Retype each line of the material below word for word; pictures stay out.

DATA LISTING:
[Start of section]

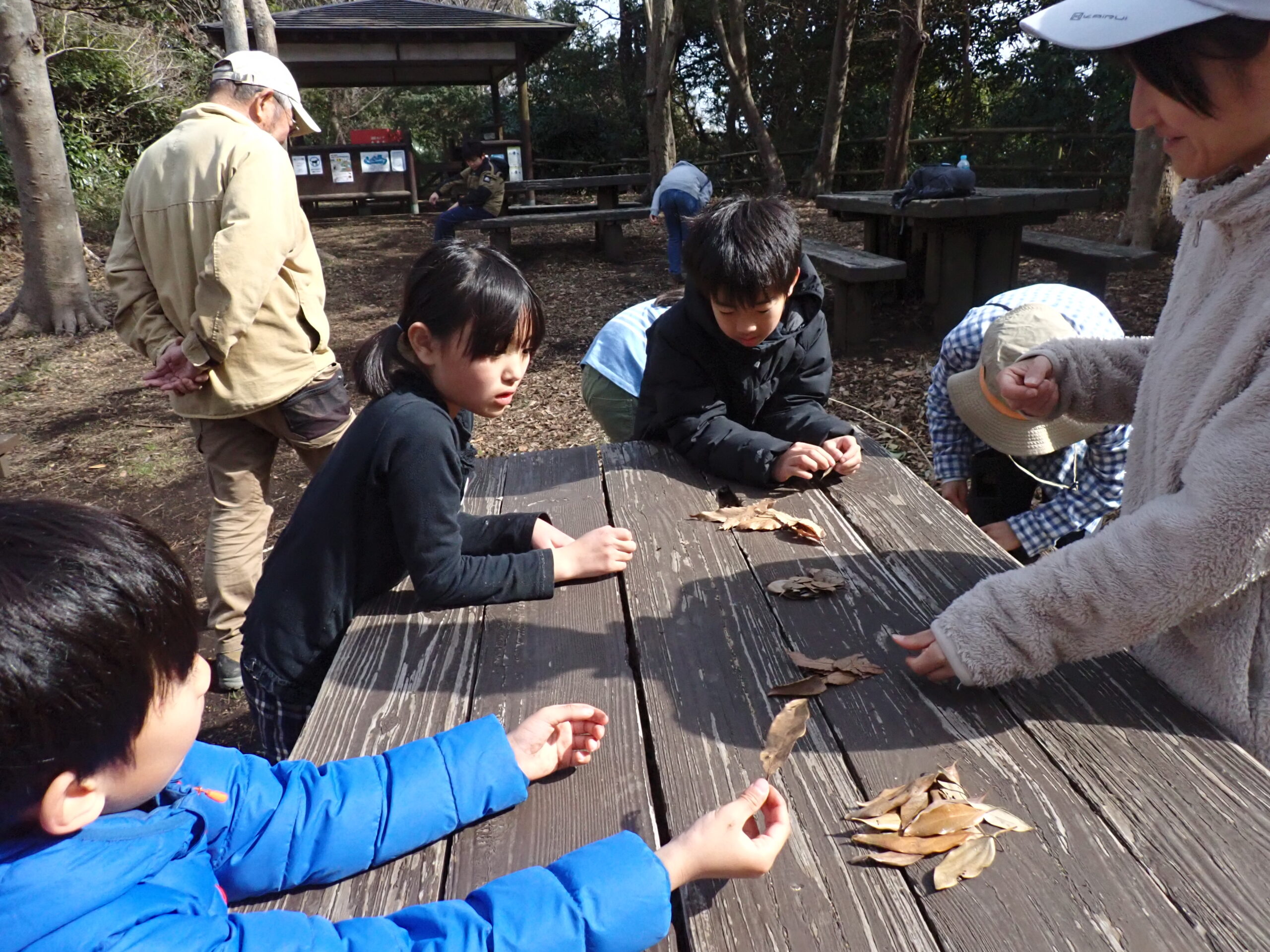 その後、それぞれの葉っぱは、どの木の葉か?みんなで探したり、
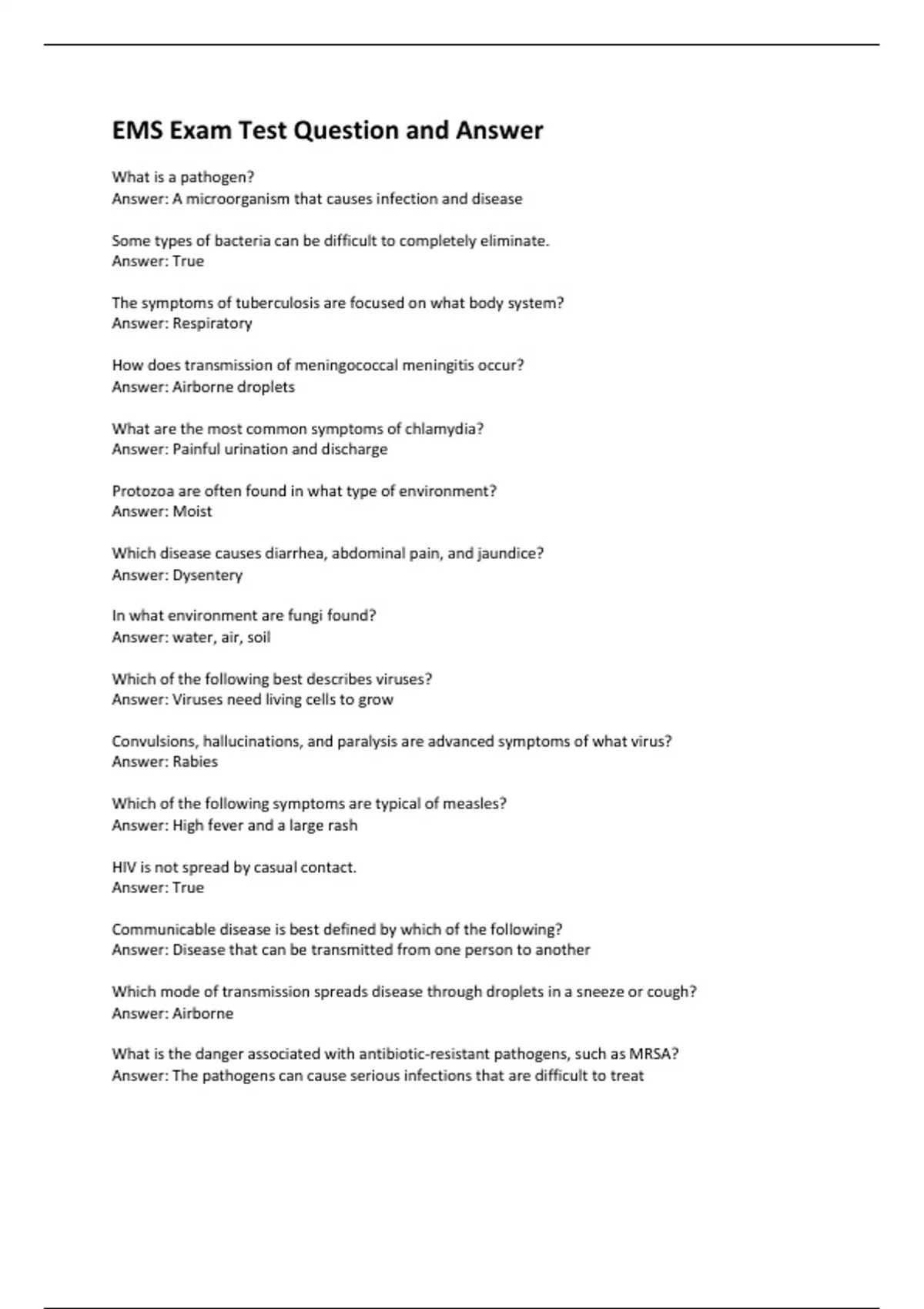 EMS Exam Test Question and Answer
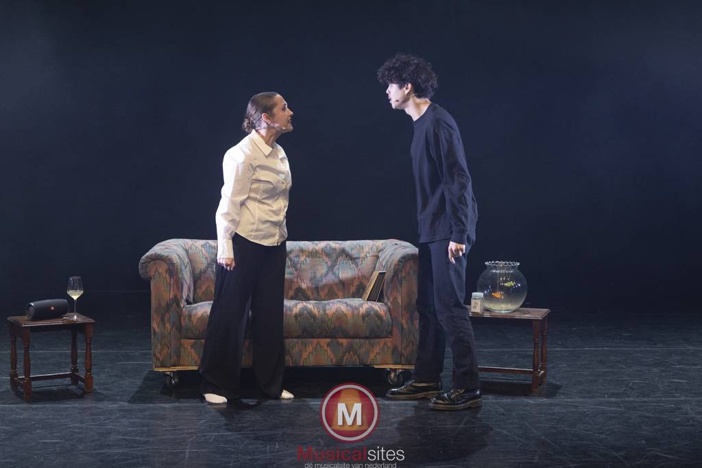De relatie tussen Timo en Izabel vormt het emotionele hart van de voorstelling. Hun scènes zijn pijnlijk herkenbaar in hun kilte en machtsspel. Izabel is geen eendimensionale antagonist, maar een verstikkende aanwezigheid die zorg en manipulatie naadloos in elkaar laat overlopen. Wanneer zij de guppy’s doodt — Maximum en Minimum, Timo’s morele stemmen — wordt dat een ijzingwekkend kantelpunt. Niet alleen voor Timo, maar ook voor het publiek, dat plots beseft hoeveel begrip het al heeft opgebouwd.
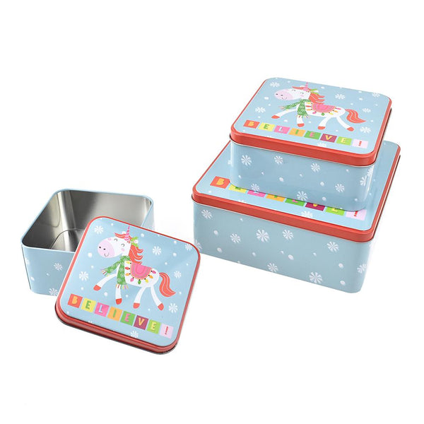 Tiered Square Unicorn Christmas Cookie Tin Containers, 3-Piece
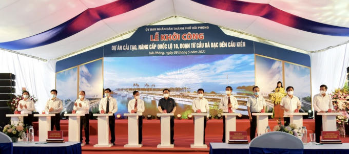 Các đại biểu thực hiện nghi lễ nhấn nút khởi công Dự án cải tạo, nâng cấp Quốc lộ 10, đoạn từ cầu Đá Bạc đến cầu Kiền
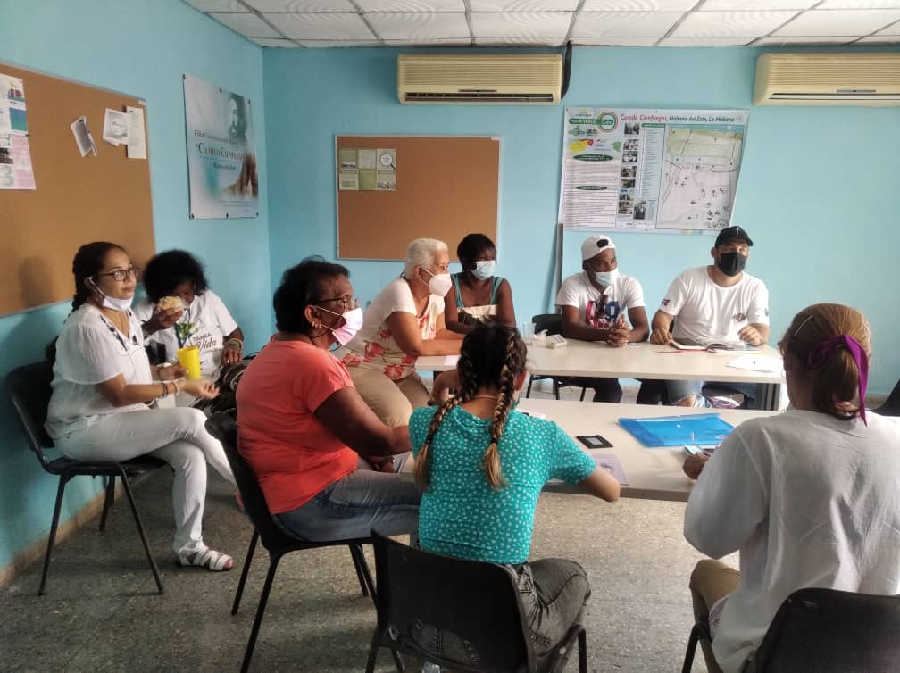 Surgió como preparación al grupo territorial, como se le ha denominado al equipo de trabajo de las comunidades en este proyecto, el Curriculum GlobALE, preparación en diversos temas afines al trabajo en comunidades con énfasis en temáticas asociadas al cambio climático y peligro, vulnerabilidad y riesgo (PVR); este programa modular además de ofrecer conocimientos, permitió que el grupo de cada municipio se integrara y además intercambiara con los territorios, enriqueciendo los saberes de todos. En el caso de La Habana del Este el grupo estaba compuesto por personas con experiencia en procesos y proyectos comunitarios y ya existían puntos de contacto por haber en algún momento coincidido en acciones conjuntas, todas residentes del territorio y tres de las ocho, de este Consejo Popular Camilo Cienfuegos. En este periodo se construyeron códigos comunes y se identificaron potencialidades de cada una lo que permitió la asignación de roles ante cada tarea. También surgieron y se fortalecieron afectos, elemento que favorece el trabajo colectivo.

[End of section]

TASK RESPONSE:
 その後、それぞれの葉っぱは、どの木の葉か?みんなで探したり、
 EMS Exam Test Question and Answer
De relatie tussen Timo en Izabel vormt het emotionele hart van de voorstelling. Hun scènes zijn pijnlijk herkenbaar in hun kilte en machtsspel. Izabel is geen eendimensionale antagonist, maar een verstikkende aanwezigheid die zorg en manipulatie naadloos in elkaar laat overlopen. Wanneer zij de guppy’s doodt — Maximum en Minimum, Timo’s morele stemmen — wordt dat een ijzingwekkend kantelpunt. Niet alleen voor Timo, maar ook voor het publiek, dat plots beseft hoeveel begrip het al heeft opgebouwd.
 Tiered Square Unicorn Christmas Cookie Tin Containers, 3-Piece
 Các đại biểu thực hiện nghi lễ nhấn nút khởi công Dự án cải tạo, nâng cấp Quốc lộ 10, đoạn từ cầu Đá Bạc đến cầu Kiền
 Surgió como preparación al grupo territorial, como se le ha denominado al equipo de trabajo de las comunidades en este proyecto, el Curriculum GlobALE, preparación en diversos temas afines al trabajo en comunidades con énfasis en temáticas asociadas al cambio climático y peligro, vulnerabilidad y riesgo (PVR); este programa modular además de ofrecer conocimientos, permitió que el grupo de cada municipio se integrara y además intercambiara con los territorios, enriqueciendo los saberes de todos. En el caso de La Habana del Este el grupo estaba compuesto por personas con experiencia en procesos y proyectos comunitarios y ya existían puntos de contacto por haber en algún momento coincidido en acciones conjuntas, todas residentes del territorio y tres de las ocho, de este Consejo Popular Camilo Cienfuegos. En este periodo se construyeron códigos comunes y se identificaron potencialidades de cada una lo que permitió la asignación de roles ante cada tarea. También surgieron y se fortalecieron afectos, elemento que favorece el trabajo colectivo.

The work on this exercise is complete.